This is also the time of day when the parents realize that Lucy has probably not made it through the winter storm. Unfortunate death of the little girl in the end of the poem and then keeping her alive in the hearts with the help of supernatural elements is the very own style of Wordsworth. Lucy admits that the house is pretty rad, but she doesn't want Mariah to think she's too excited about it. All the Natural objects took their beauty from Lucy. His poetry according to the poet was made for the common folk and as such was written in a simple language using as far as practicable colloquial diction. The storm came on before its time: She wandered up and down; 30 And many a hill did Lucy climb: But never reached the town.
In this poem the poet depicts the life of a lonely girl who lived in a house in a valley with her father and mother. When the storm was over and she did not return her parents started searching for her. Nature said that Lucy and she would be one. The reader's experience of Lucy is filtered through the narrator's perception. William Wordsworth, His Life, Works, and Influence. The imagery consists of three images only. Stanza 13 And then an open field they crossed: The marks were still the same; They tracked them on, nor ever lost; And to the bridge they came.
They found that in the middle of the bridge a plank had been broken and there after the foot prints were not seen. From the table of contents, however, we are informed by the author that it is about 'A Slumber;' for this is the actual title which he has condescended to give it, to put us out of pain as to what it is about. Then downwards from the steep hill's edge They tracked the footmarks small; And through the broken hawthorn hedge, And by the long stone-wall; And then an open field they crossed: The marks were still the same; 50 They tracked them on, nor ever lost; And to the bridge they came. I have used the word pain, but uneasiness and heat are words which more accurately express my feelings. Lucy Gray first appeared in a collection of poems by William Wordsworth and Samuel Coleridge known as Lyrical Ballads in 1800. The Modern Language Review 61.
His poems can also be seen as meditations on the fundamental character of the natural world. In the same letter, Wordsworth complained that: As I have had no books I have been obliged to write in self-defense. The 'bridge' which symbolizes the transition from one state to other, for e. Although nature shapes Lucy over time and she is seen as part of nature herself, the poem shifts abruptly when she dies. Thy mornings show'd, thy nights conceal'd, The bowers where Lucy play'd; And thine too is the last green field That Lucy's eyes survey'd. All that can be gathered about Lucy from his poems suggest that she represents more than one person, and that she is the combined representation of all the people that Wordsworth had loved and lost. Stanza 10 At day-break on a hill they stood That overlooked the moor; And thence they saw the bridge of wood, A furlong from their door.

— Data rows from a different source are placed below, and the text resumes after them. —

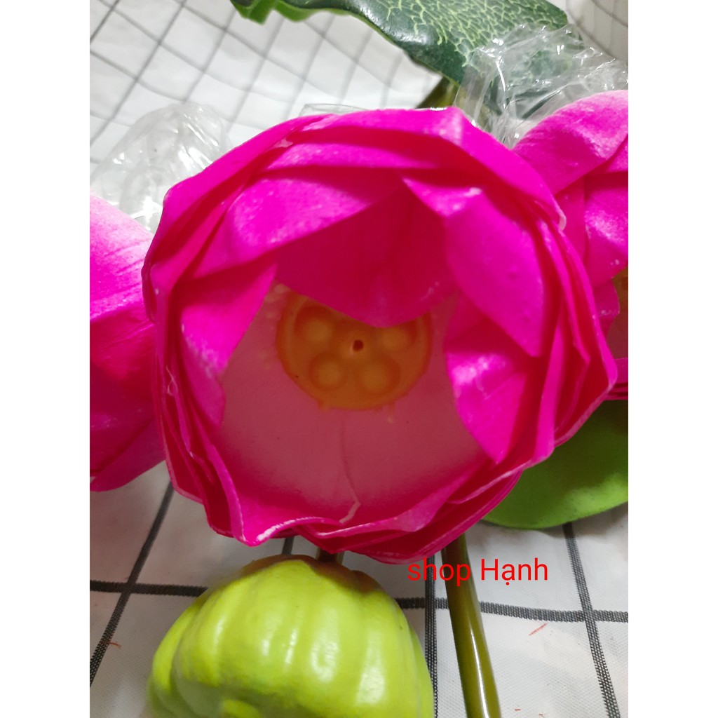Cành hoa sen cao 45 cm1 cành hoa gồm 3 bông, 1 nụ, 1 đài sen và 4 lá sen
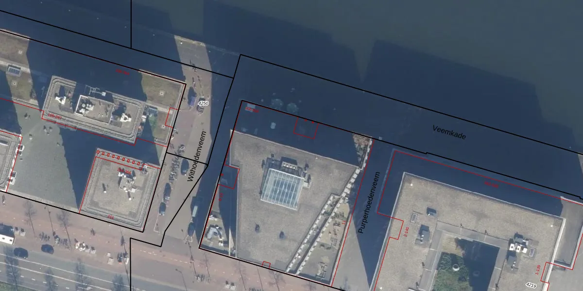 Het perceel waarop Veemkade 442 staat heeft een oppervlakte van 1,0 ha. Dit is een zeer groot perceel. De perceeloppervlakte wordt geregistreerd door het Kadaster. Gedetailleerde informatie over de maten van dit perceel kunt u vinden in het rapport Kadastrale kaart met maatvoering van Veemkade 442.
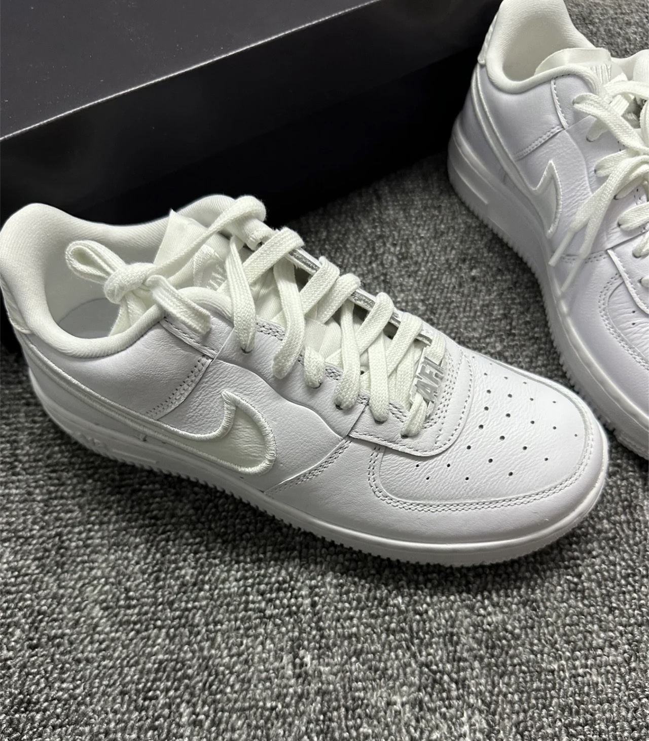 颜值没的说 《好》 也算是穿上倒钩😊 1️⃣口舌 后跟的Logo都是反着的 谁懂!还蛮喜欢这种不按常理来的感觉2️⃣侧面大钩子做成刺绣工艺 还不错3️⃣扣子从一个小方牌做成AF1字母 整体质感真的拉满了
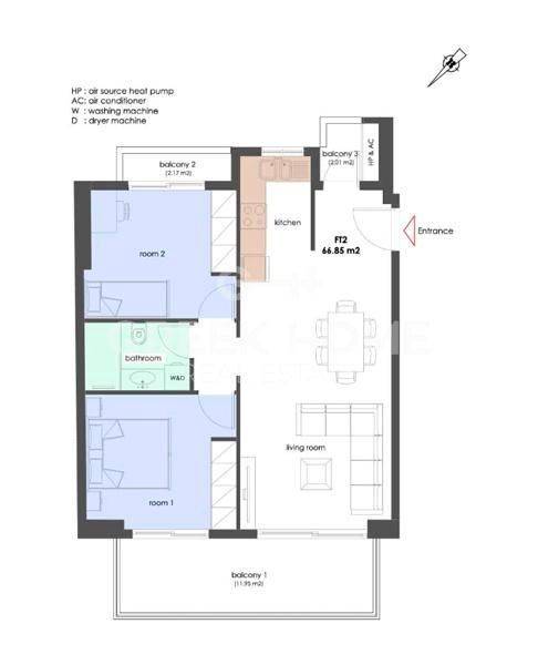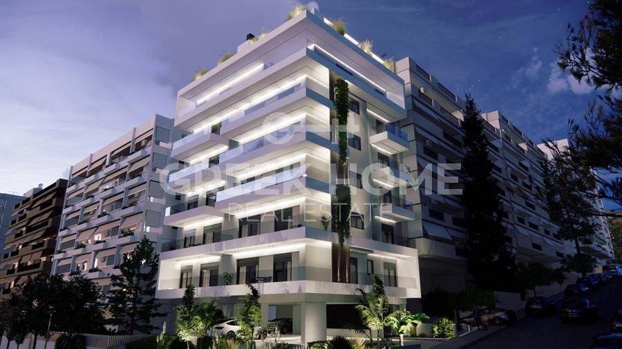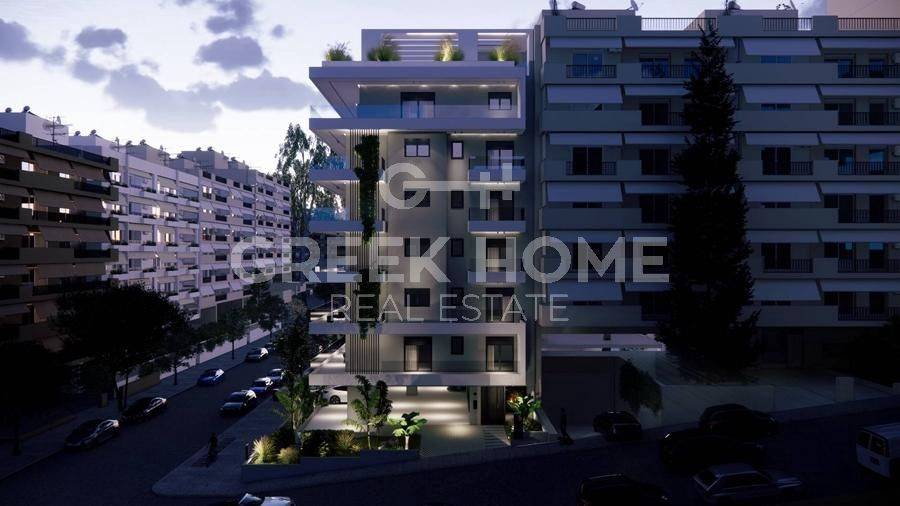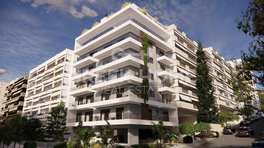 Nea Smyrni - Apartment 67sqm unfurnished, bedrooms 2, 2nd, under construction, constructionstage concrete, year built 2025, energy class A, living room, kitchen, bathroom, heating type: autonomous (heat pump), air condition, parking ground floor, quiet, dual aspect apartment, luminous, corner, unobstructed view view, frontage, electric roller shutters, storage space 4sqm, solar heater, external thermal insulation, balconies, large balconies, balcony 20sqm, tents, elevator, thermal shut-off frames, double glazed windows, door screen, wood & tile floors, secure door, alarm, video doorbell, internet, price is negotiable, special offer, close to square (up to 500m), close to park (up to 200m).
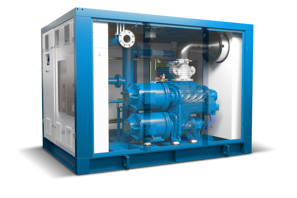 När det gäller Industri 4.0 har den nya generationens styrsystem alla förutsättningar för att delta i företagets interna kommunikation eller för att övervakas externt via molntjänster. Den unika stegdesignen integrerar det första och andra steget i en enda komprimeringsenhet. Rotorerna i varje kompressionssteg når optimal hastighet genom den integrerade växellådan. Effektiv kompression uppnås genom att använda en kyloljedimma för mellankylning. Denna kontrollerade mängd olja gör det samtidigt möjligt att underskrida tryckdaggpunkten, vilket förhindrar kondensbildning i det andra kompressionssteget. Detta eliminerar behovet av en klumpig och kostsam separat intercooler, samtidigt som tillförlitligheten ökar.
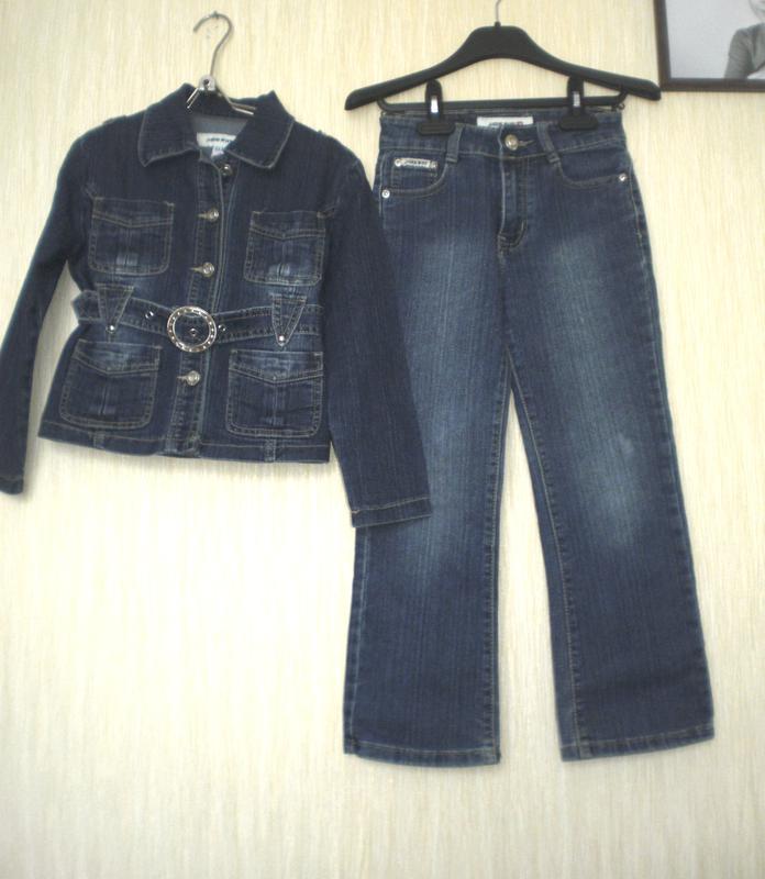 Продам красивый джинсовый костюм JADK WAY на девочку 5-6 ле в отличном состоянии,без дефектов.На этикетке размер 21 но сверяйте замеры со своими : жакет длина 42, плечи 34,рукав 43.под мышками 37.Пошив приталенный.Брючки длина 74, талия п/о 30,бедра п/о 38. Ткань со стрейчем, мягкая , хорошо тянется. Пересылаю.
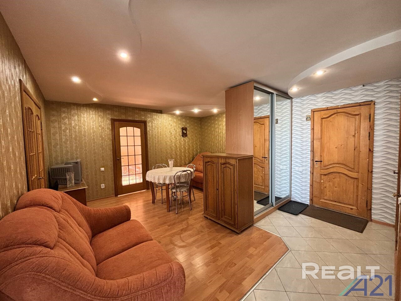 Общая площадь по СНБ 66,8 кв. м., общая площадь 63,8 кв. м., жилая - 47,5 кв. м. Просторная гостиная, раздельный санузел. Имеется подвал с оборудованной зоной хранения. Большая стоянка для машин.
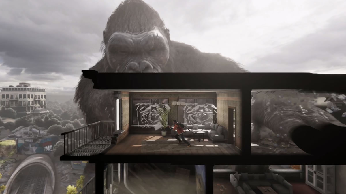 Kong: Survivor Instinct funciona dentro do gênero de aventura e plataforma, numa progressão de avanço lateral 2D, ainda que todo o visual do jogo tenha gráficos e perspectiva tridimensional. A Direção de Arte do jogo me lembrou muito outro título independente lá dos anos de 2014 e 2016, chamado This War of Mine. Ambos tem esse aspecto 2D em termos de perspectiva, áreas urbanas e o conceito de corte visual, onde se tem a perspectiva de casas e edificações num molde bidimensional onde é possível ver dentro dos cômodos, tal qual a separação dos mesmos, como uma planta da casa em tempo real.
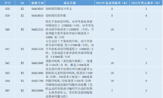 表1 《部分信息技術(shù)產(chǎn)品最惠國稅率表》與印刷設(shè)備器材相關(guān)的調(diào)整 1、印刷版材、印前設(shè)備類產(chǎn)品最惠國關(guān)稅繼續(xù)為零 在2019年7月1日之后,“激光照排片(任何一邊超過255mm),用紙、紙板及紡織物以外任何材料制成”“PS版(預(yù)涂感光版)(任何一邊超過255mm),用紙、紙板及紡織物以外任何材料制成”“CTP版”“柔性印刷版”等印刷版材類產(chǎn)品實(shí)施的最惠國稅率已經(jīng)為零;“鑄字機(jī)”“計(jì)算機(jī)直接制版設(shè)備”“其他制版機(jī)器、器具及設(shè)備”“其他鑄字、制版用機(jī)器、器具及設(shè)備”等印前設(shè)備類產(chǎn)品實(shí)施的最惠國稅率也已經(jīng)為零。2023年全年,以上產(chǎn)品實(shí)施的最惠國稅率依然為零。 2、數(shù)字印刷設(shè)備類產(chǎn)品關(guān)稅進(jìn)一步下降,全產(chǎn)品實(shí)現(xiàn)零關(guān)稅 在2021年7月1日以后,“可以網(wǎng)絡(luò)連接的噴墨印刷機(jī)”“可以網(wǎng)絡(luò)連接的靜電照相印刷機(jī)(激光印刷機(jī))”“可以網(wǎng)絡(luò)連接的其他數(shù)字印刷設(shè)備”等數(shù)字印刷設(shè)備類產(chǎn)品實(shí)施的最惠國稅率均已降為零。2023年全年,以上產(chǎn)品實(shí)施的最惠國稅率依然為零。 在2023年7月1日之前,“其他獨(dú)立的噴墨印刷機(jī)”“其他獨(dú)立的靜電照相印刷機(jī)(激光印刷機(jī))”“其他獨(dú)立的數(shù)字印刷設(shè)備”等數(shù)字印刷設(shè)備類產(chǎn)品實(shí)施的最惠國稅率均為1.0%,但在2023年7月1日以后,三類產(chǎn)品的關(guān)稅將降為零。至此,數(shù)字印刷設(shè)備類產(chǎn)品全部實(shí)現(xiàn)零關(guān)稅。 3、印刷設(shè)備零配件及輔助設(shè)備關(guān)稅維持零關(guān)稅 除印刷版材類產(chǎn)品、印前設(shè)備類產(chǎn)品實(shí)施的最惠國稅率為零,數(shù)字印刷類產(chǎn)品的實(shí)施的最惠國稅率持續(xù)下降外,一些傳統(tǒng)和數(shù)字印刷設(shè)備的零配件、輔助設(shè)備等,繼續(xù)維持零關(guān)稅。 綜上,在《部分信息技術(shù)產(chǎn)品最惠國稅率表》中,截至2023年7月1日前,除“其他獨(dú)立的噴墨印刷機(jī)”“其他獨(dú)立的靜電照相印刷機(jī)(激光印刷機(jī))”“其他獨(dú)立的數(shù)字印刷設(shè)備”等數(shù)字印刷設(shè)備類產(chǎn)品外,其余與印刷設(shè)備與器材相關(guān)的產(chǎn)品在2022年全年維持零關(guān)稅。 自7月1日起,所有與印刷設(shè)備與器材相關(guān)的產(chǎn)品將實(shí)現(xiàn)零關(guān)稅。 二、《進(jìn)口商品暫定稅率表》中印刷相關(guān)產(chǎn)品稅率的調(diào)整 根據(jù)最新發(fā)布的《進(jìn)口商品暫定稅率表》顯示,與印刷設(shè)備及器材相關(guān)的部分產(chǎn)品在2023年1月1日以后,最惠國稅率沒有調(diào)整,保持穩(wěn)定(見下表)。
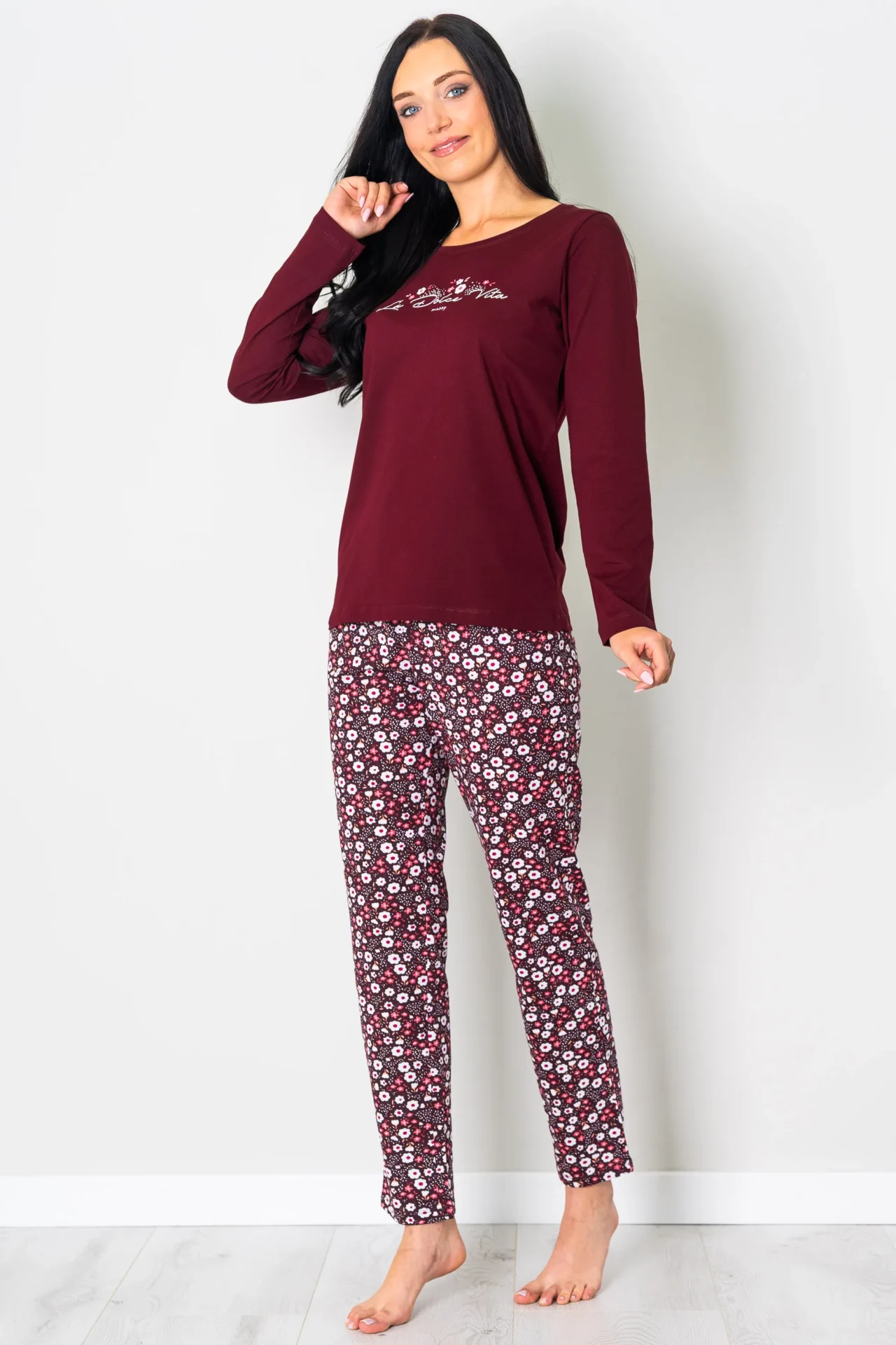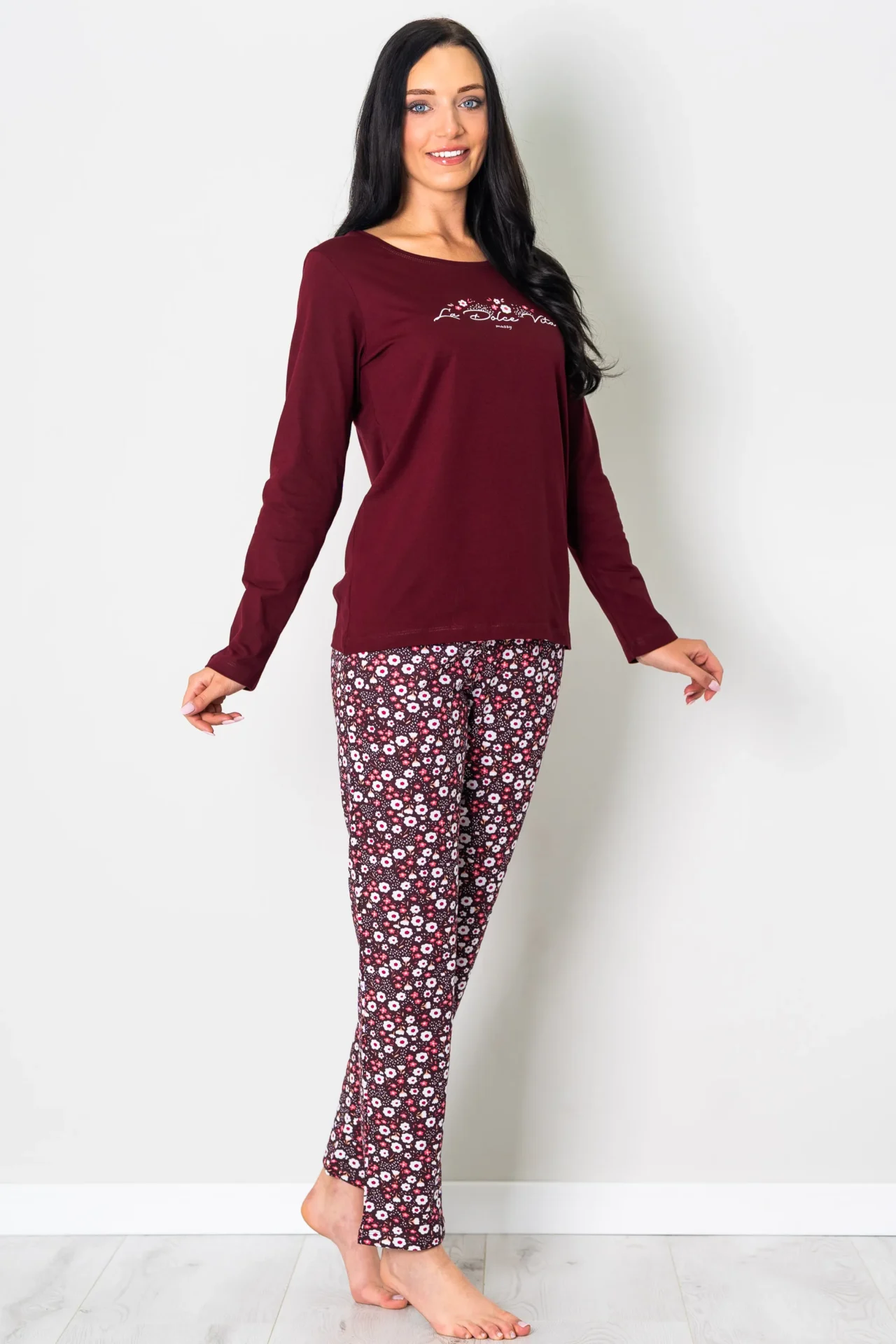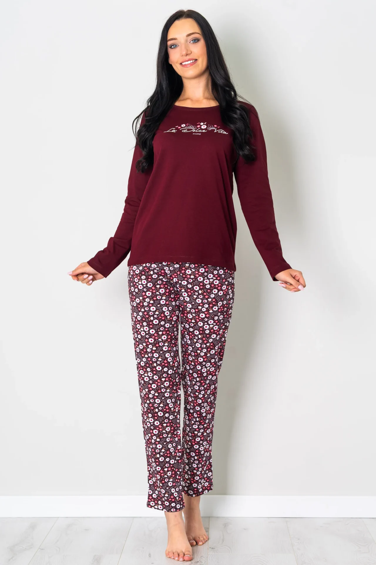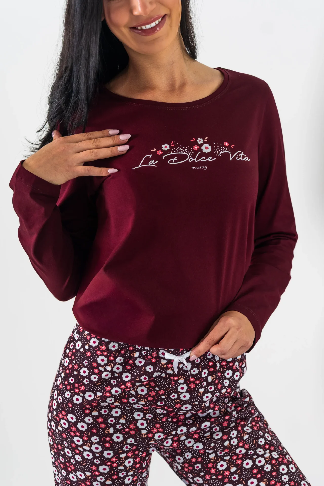 Piżama damska BORDOWY PORANEK długi rękaw i długie spodnie, to komplet dla miłośniczek aktualnych trendów i jesiennych kolorów. Ten komplet do spania z nadrukowanym delikatnym roślinnym printem i nadpisem ” La Dolce vita” to propozycja dla miłośniczek wygody. Bluzka w kolorze bordo świetnie współgra ze spodniami w podobnych odcieniach. Zestaw doskonały na jesienne wieczory jak i na prezent. Bluzka ma długi rękaw oraz okrągły dekolt, który zwiększa komfort noszenia. Do piżamy są dołączone wygodne długie spodnie z gumą. Piżama damska z bawełny 100%, polski producent Muzzy. Zapraszamy na nasz Instagram.
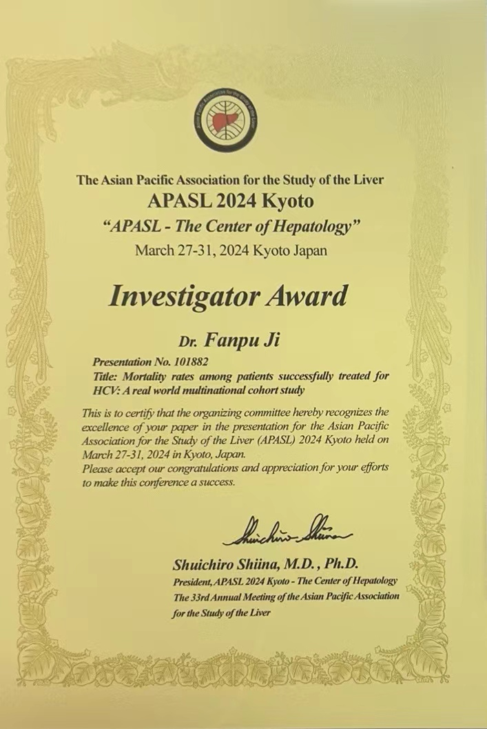 四项研究之一《Mortality rates among patients successfully treated for hepatitis C: A real world multinational cohort study》获得2024 APASL 研究者奖。该研究是基于在斯坦福大学访问学习期间与Mindie Nguyen教授形成的长期紧密合作关系,围绕REAL-C队列开展的国际多中心研究。研究纳入10,034 名成功治疗 HCV 的患者在其清除病毒获得持续病毒学应答(SVR)后平均随访4.7 年,分析全因死亡率以及肝脏和非肝脏相关死亡率。结果显示,总体人群全因死亡率为每 1000 人年 10.4 人,无肝硬化、代偿期肝硬化和失代偿期肝硬化患者每 1000 人年全因死亡率分别为 6.2 人、13.1 人和 60.0 人。在多变量分析中,年龄较大(>65岁:3.25倍)、男性(1.5倍)、纤维化严重程度(失代偿/代偿期肝硬化为7.6/1.8倍)、基线糖尿病(1.53倍)、非亚裔(2.12 倍)与死亡率升高显著相关。对于DAA治疗获得SVR 的非肝硬化、代偿期和失代偿期肝硬化患者,8 年估计累积死亡率分别为 6.0%、11.6% 和 47.7%。本研究表明,DAA治疗获得SVR的患者面临不同的死亡风险,其中死亡风险与 DAA 治疗前肝病严重程度密切相关,上述结果为HCV治愈后个体化随访患者提供理论依据,将助力WHO实现2030年消除HCV的目标。
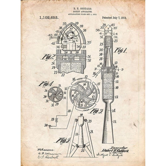 PP230-Vintage Parchment Robert Goddard Rocket Patent Poster Black Modern Wood Framed Art Print by Borders, Cole

Thus through this poem he might be trying to say that in the materialistic world of visual realism the spirit of innocence has little place to survive. The poet describes that when Lucy died she left him to that quiet scene alone Posted on 2016-01-28 by a guest. Although Wordsworth sought emotional support from his sister, their relationship remained strained throughout their time in Germany. You can help us out by revising, improving and updating this section. The next morning they search near a bridge which is not very far away from their house and finally see the small footprints of their daughter.
The storm came on before its time: She wandered up and down; And many a hill did Lucy climb: But never reached the town. The dearest child of the nature was gone. You yet may spy the fawn at play, The hare upon the green; 10 But the sweet face of Lucy Gray Will never more be seen. William Wordsworth A Biography: The Early Years 1770—1803. Coleridge's financial means allowed him to entertain lavishly and to seek the company of nobles and intellectuals; Wordsworth's limited wealth constrained him to a quiet and modest life. Wordsworth further progress by adding that one can get a chance to see a fawn or a rabbit while passing through those valleys which are usually hard to trace but you will never be able to see the innocent face of Lucy Gray.
Nor will I quit thy shore A second time; for still I seem To love thee more and more. Death of an innocent lonely child hits reader deep and leaves an impact of sorrow. William Wordsworth 1770- 1850 Wordsworth, popularly known as the poet of nature was born in the Lake District in northwest England. Oft I had heard of Lucy Gray, And when I cross'd the Wild, I chanc'd to see at break of day The solitary Child. Unfortunately, the storm appeared as soon as Lucy left for the town. They describe a variety of relationships between humanity and nature.
Parody also appears in the 1888 murder-mystery reading of the poem by Victorian author 1835—1902. They follow the foot prints in the snow down a hill, through a hedge, down a stone-wall, across a field, and over to a bridge. Coleridge had yet to join the siblings in Germany, and Wordsworth's separation from his friend depressed him. On a deeper level, the bridge where she vanished has a symbolic meaning. Among the mountains did I feel The joy of my desire; And she I cherish'd turn'd her wheel Beside an English fire.